**TASK DIRECTIONS**
Give the lines below again exactly, starting with the line that holds "男性向けラノベタイトル風あだ名 | 『Re:きりはらりんたろうから始める異世界生活』 |" and going on through the line that holds "国寿椅上半部分借鉴直棂围子六".

**STUDY MATERIAL**
▼

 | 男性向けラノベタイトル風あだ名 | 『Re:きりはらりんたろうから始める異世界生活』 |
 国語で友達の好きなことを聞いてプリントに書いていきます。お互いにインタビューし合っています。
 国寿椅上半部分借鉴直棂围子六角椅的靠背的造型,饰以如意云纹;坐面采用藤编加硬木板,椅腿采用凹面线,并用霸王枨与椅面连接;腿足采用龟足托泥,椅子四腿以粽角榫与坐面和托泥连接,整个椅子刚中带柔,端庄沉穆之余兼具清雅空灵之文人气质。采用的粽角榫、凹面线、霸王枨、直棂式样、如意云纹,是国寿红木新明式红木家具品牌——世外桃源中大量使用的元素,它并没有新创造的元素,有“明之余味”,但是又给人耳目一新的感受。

▲
▼

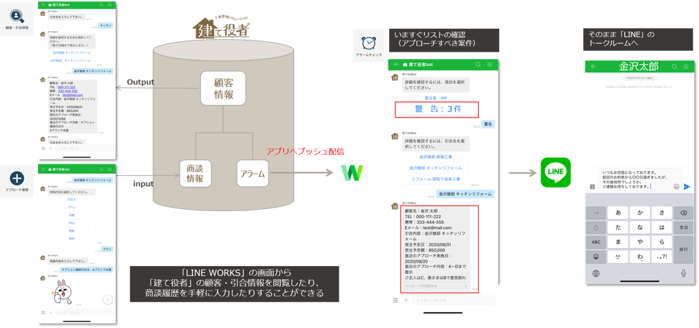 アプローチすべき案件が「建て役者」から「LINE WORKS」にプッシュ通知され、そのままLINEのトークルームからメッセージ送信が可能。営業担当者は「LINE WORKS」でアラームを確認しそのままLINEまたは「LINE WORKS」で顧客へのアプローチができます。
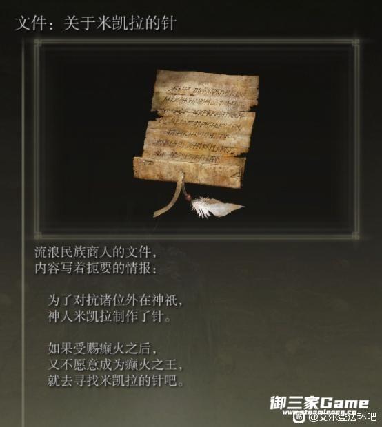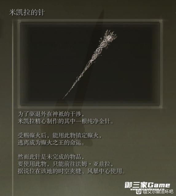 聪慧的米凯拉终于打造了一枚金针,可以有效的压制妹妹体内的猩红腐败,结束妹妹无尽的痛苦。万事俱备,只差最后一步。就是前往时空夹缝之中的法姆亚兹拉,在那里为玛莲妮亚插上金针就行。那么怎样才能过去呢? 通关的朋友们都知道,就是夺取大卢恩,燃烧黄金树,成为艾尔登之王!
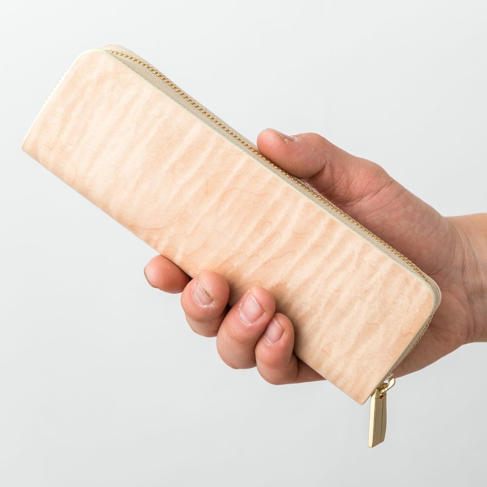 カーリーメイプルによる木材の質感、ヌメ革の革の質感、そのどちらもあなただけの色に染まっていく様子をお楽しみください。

▲

**REPLY**
 | 男性向けラノベタイトル風あだ名 | 『Re:きりはらりんたろうから始める異世界生活』 |
 国語で友達の好きなことを聞いてプリントに書いていきます。お互いにインタビューし合っています。
 国寿椅上半部分借鉴直棂围子六角椅的靠背的造型,饰以如意云纹;坐面采用藤编加硬木板,椅腿采用凹面线,并用霸王枨与椅面连接;腿足采用龟足托泥,椅子四腿以粽角榫与坐面和托泥连接,整个椅子刚中带柔,端庄沉穆之余兼具清雅空灵之文人气质。采用的粽角榫、凹面线、霸王枨、直棂式样、如意云纹,是国寿红木新明式红木家具品牌——世外桃源中大量使用的元素,它并没有新创造的元素,有“明之余味”,但是又给人耳目一新的感受。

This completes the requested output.